4. Likely resumption of stock buyback
The 10b5 stock repurchase plan expired during the last fiscal year and Selectica could not renew the program until it concluded the stock option investigation. A resumption of the program seems likely given the recent completion of the option investigation and management commentary on prior conference calls.
 
5. Likely management stock purchases
Bill Roeschlein and Terry Nicholson both committed to buying stock on the 3Q07 (Dec) conference call. The trading window has been closed with the stock option investigation. With the option investigation recently concluded, the trading window should open following the 2Q08 earnings report in early November.

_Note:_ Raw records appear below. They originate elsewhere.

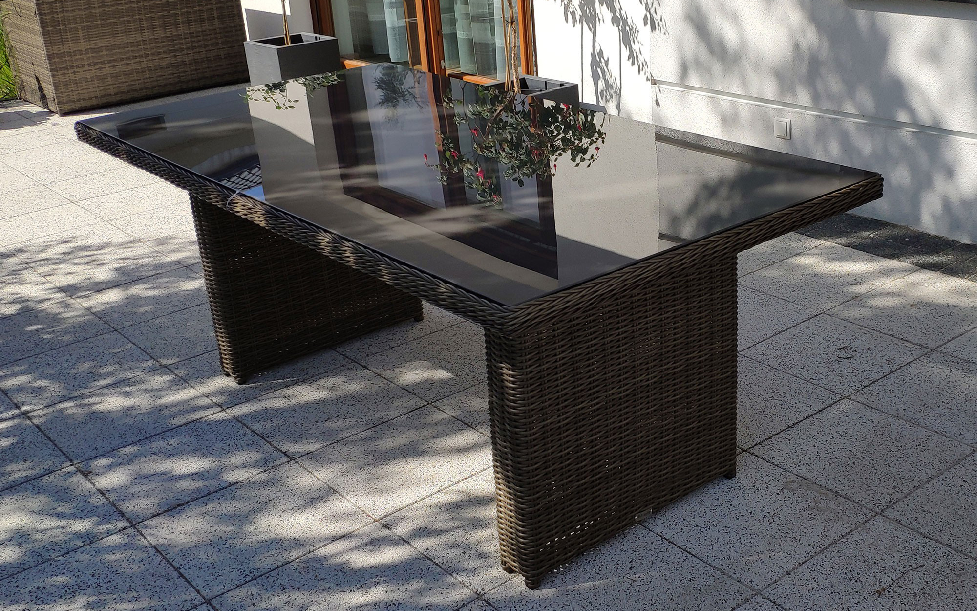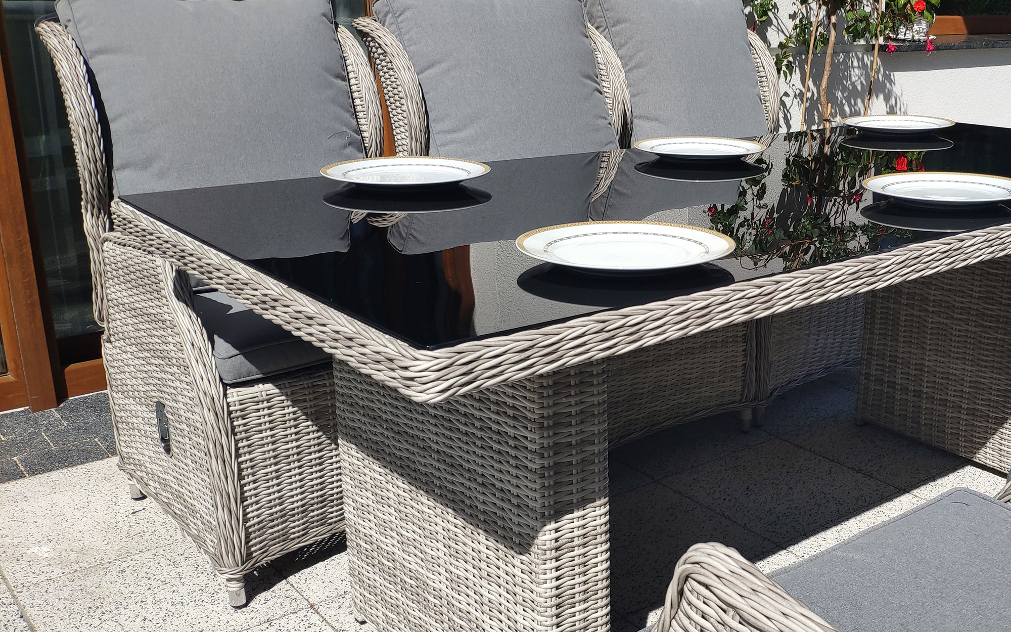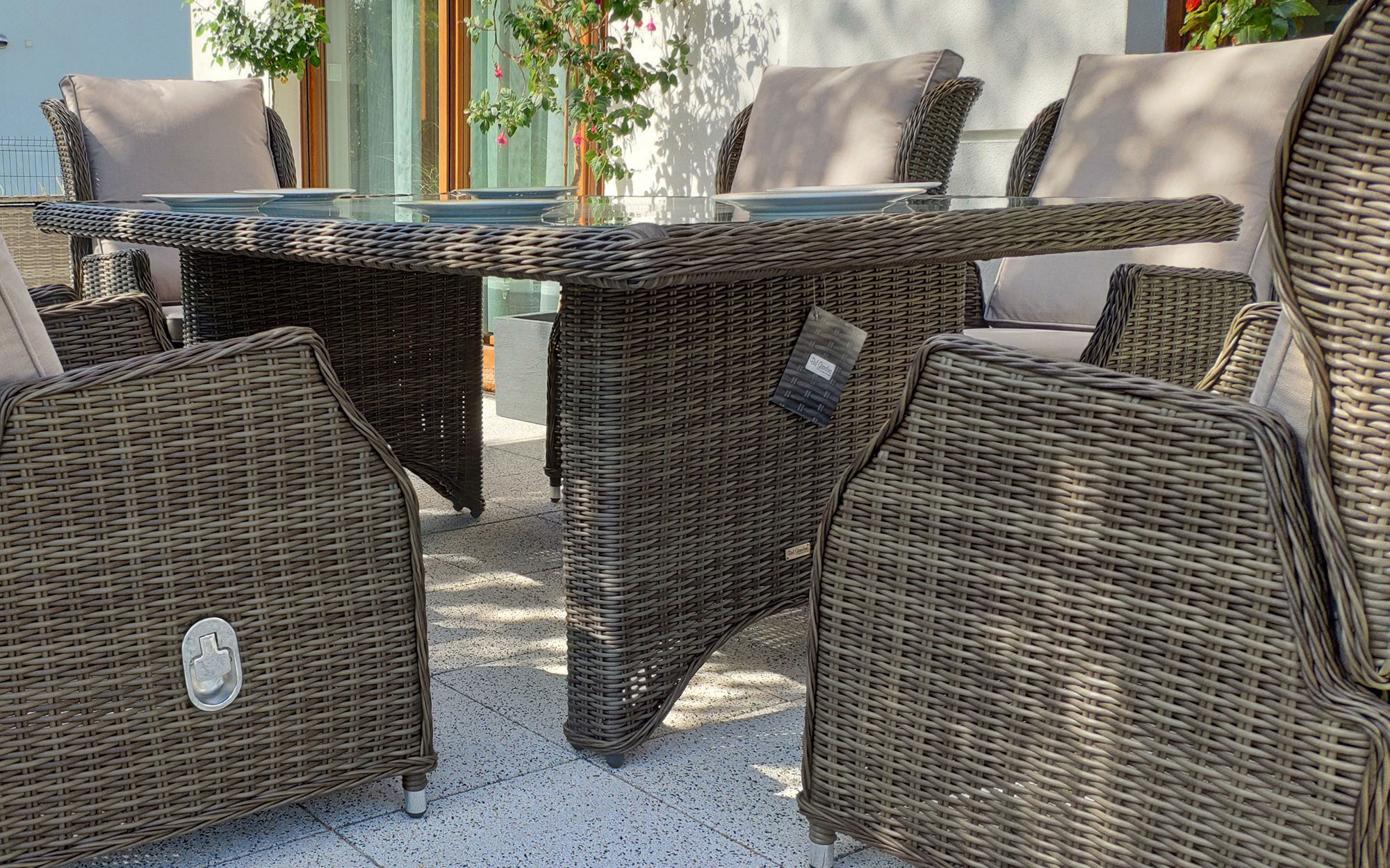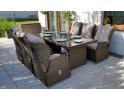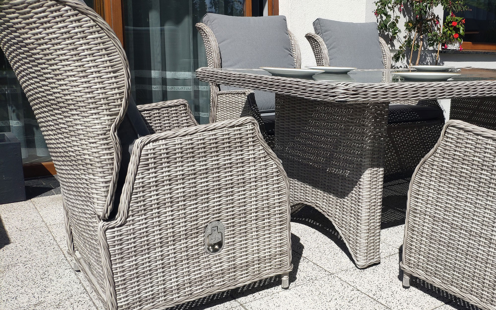 Duży stół prostokątny w o długości 200 pomieści od 6 do 8 osób, a wygodne, rozkładane fotele pozwolą zarówno zjeść obiad na świeżym powietrzu jak i odpocząć po nim w relaksującej pozycji.
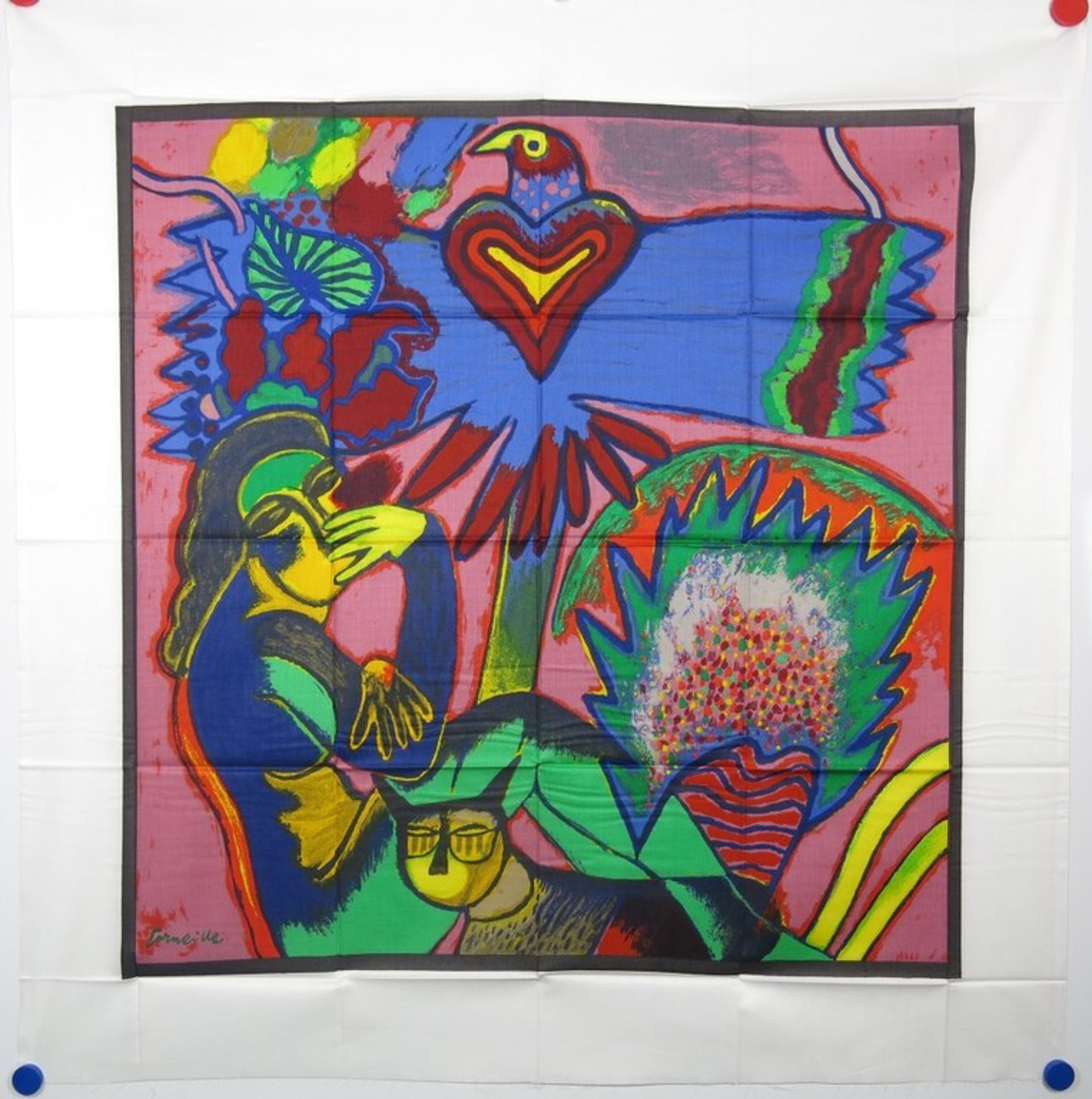 Texoprint bv vroeg jaarlijks een kunstenaar voor de vervaardiging van een zeefdruk op textiel, welke werd uitgebracht in een oplage van 200. Wij veilen nu diverse van deze uitgaves.
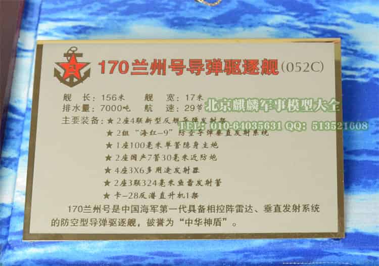 中国军舰 之 导弹驱逐舰模型有多个型号,比例有:1:200(大)和1:350(小)两种规格,模型材质采用金属和树脂的合成,做工相当细致,模仿的惟妙惟肖,普遍适用于:观赏、装饰、送礼、教学等。

Furthermore, in January 2007, the company implemented stock ownership guidelines for non-employee directors and executive officers. Under the guidelines, executive officers are expected to own more shares than they currently own (details in the 10K).
 
 
Shareholders
Activist investor Steele Partners owns about 9% of the company. Management ownership is small, although I do expect them to buy shares if the stock price stays low.
 
 
Business Description
 
Selectica has two software businesses, Sales Execution (aka CPQ: configuration, pricing and quoting) and Contract Lifecycle Management (CLM).
 
Sales Execution (CPQ) (87% of FY07 (Mar FY-end) and 68% of 1Q08 (Jun) revenue)
 
Product description: Web-enabled software that automates the quoting, pricing and configuration processes. The software interfaces with a customer’s existing CRM and/or ERP systems. Examples of pricing functions include the management of discounts, pricing based on margin, and pricing based on configuration, channels and customers. Configuration includes consideration of part compatibility in various configurations and quotes/pricing based on configuration.
 
Examples of prior or current customers: IBM, GE Healthcare, Cisco, Tellabs, 3Com, BMW, Dell
 
Competition includes BigMachines, Tacton, FirePond and Ariba.
 
 
Contract Lifecycle Management (CLM) (13% of FY07 (Mar FY-end) and 32% of 1Q08 (Jun) revenue)
 
Selectica entered the CLM market with its purchase of Determine for $1m in May, 2005. CLM generated revenue of $1.4m in the June quarter, up over 100% q/q and 240% y/y. Backlog was up 30% q/q. From the 10K: “Our contract lifecycle management (CLM) products enable customers to create, manage and analyze contracts in a single, easy to use repository and is offered as an on-premise or hosted solution. Our software enables any and all corporate departments (e.g. Sales, Services, Procurement, Finance, IT and others) to model their specific contracting processes using our application and to manage the lifecycle of the department’s relationships with the counterparty from creation through closure.”
 
Recent customer wins include Motorola, ONN Semiconductor, a leading telecom equipment manufacturer and one of the country’s largest healthcare providers.
 
Competition includes Oracle, SAP, OpenText / Hummingbird, Emptoris, Upside, Imany and Ariba (Procuri). SAP is a new entrant with its CLM product introduction in early 2007. Selectica sees Upside in low end, small deals around $30k. Imany is focused on life sciences: Selectica hasn’t focused here and doesn’t see Imany. Selectica used to encounter Versata / Nextance, but Selectica has not seen Nextance since Versata dismantled the Nextance sales force.
 
Risks
Customer concentration: 61% of sales came from five customers in FY07 (Mar)
Patent risk

Catalyst

Financial results improvement. Re-instated stock buyback. Likely management stock purchases.